Sessions has ordered the Justice Department to launch a comprehensive review of all police reform activities, including any existing or planned consent decrees. The edict comes at a crucial time for several major cities, including Baltimore and Chicago, where the Justice Department determined that the police had engaged in unconstitutional patterns of racial discrimination and excessive force.

In a number of cases during the Obama administration, the Justice Department negotiated formal reform agreements with the cities, usually in the form of a consent decree, which were then overseen by a federal court.

In Newark, a consent decree resulted in a big reduction in crime. Its monitor, Peter Harvey, said reform can help cops do their jobs.

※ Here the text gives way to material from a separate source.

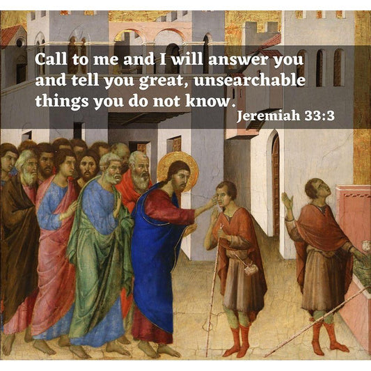 Bible Verse Quote Jeremiah 33:3, Duccio di Bunoninsegna - Jesus Opens the Blind Mans Eyes Black Modern Wood Framed Art Print with Double Matting by ArtsyQuotes

“Remember, it’s the community that helps you police,” Harvey said. “Very few cities have enough cops to patrol a city 24-7 effectively, 12 months a year. You need the community to help you.” He pointed out that won’t help if you “place community residents in chokeholds where they die, and then turn around and say, ‘Well, we want to be your friend.’ Those are inconsistent messages.”

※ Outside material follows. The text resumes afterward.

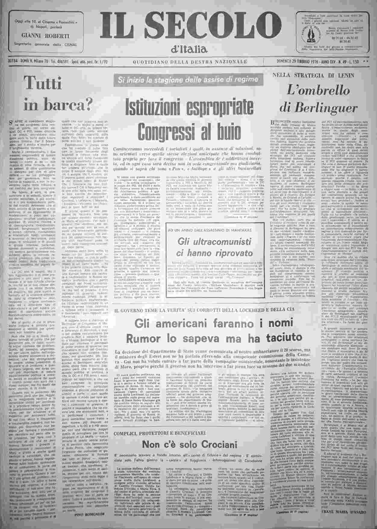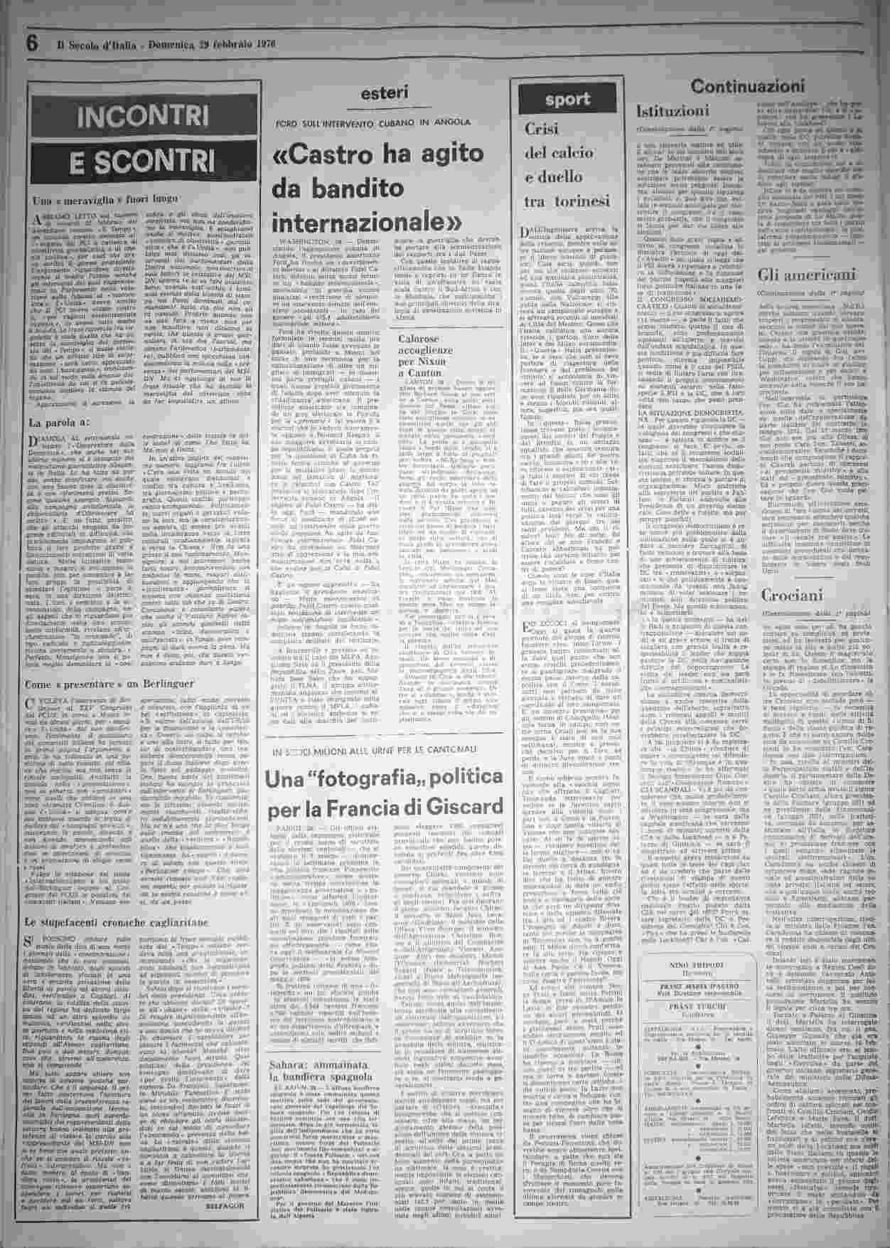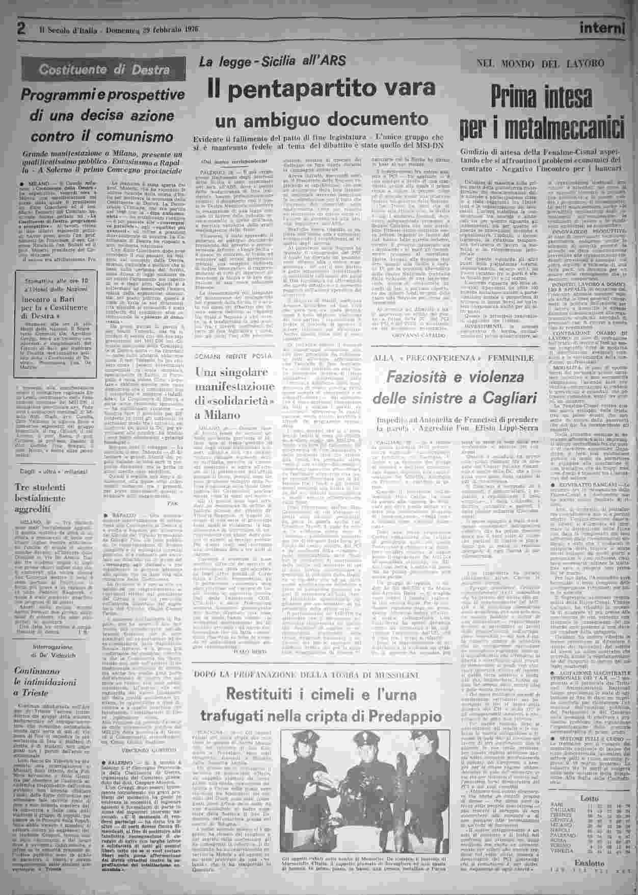 domenica 29 febbraio 1976

Trump’s and Sessions’ fear mongering and lies have alarmed criminologists. In an unusual move, the executive board of the American Society of Criminology (ASC) — the nation’s leading academic organization in the field — issued a statement declaring that the administration’s early actions and assertions on criminal justice “demonstrate an incongruity between administrative policy efforts and well-established science about the causes and consequences of crime.”

The group’s board said it is “concerned by the actions of the Trump administration in its dissemination of misinformation and development of uninformed policy initiatives. Not only are these initiatives unscientific, they are likely to engender further cynicism about and discontent with the criminal justice system that is harmful to citizens, to members of law enforcement, and to other sources of social control.”

It’s unlikely that Trump will listen to them. His law enforcement hero is Joe Arpaio, the lawless former sheriff of Arizona’s Maricopa County, who has a long record of sadistic and racist behavior. He rushed through a pardon of Arpaio, who was convicted of criminal contempt for willfully disobeying a judge when she ordered him to stop racially profiling Latino drivers and detaining them without charges. Arpaio detained Latinos in what he called a “concentration camp” with inhumane conditions and torture. This was, as New York Times columnist Paul Krugman put it, “Fascism, American Style.”

Trump would like to do to America what Arpaio did to Maricopa County.

This opinion column does not necessarily reflect the views of Boulder Weekly.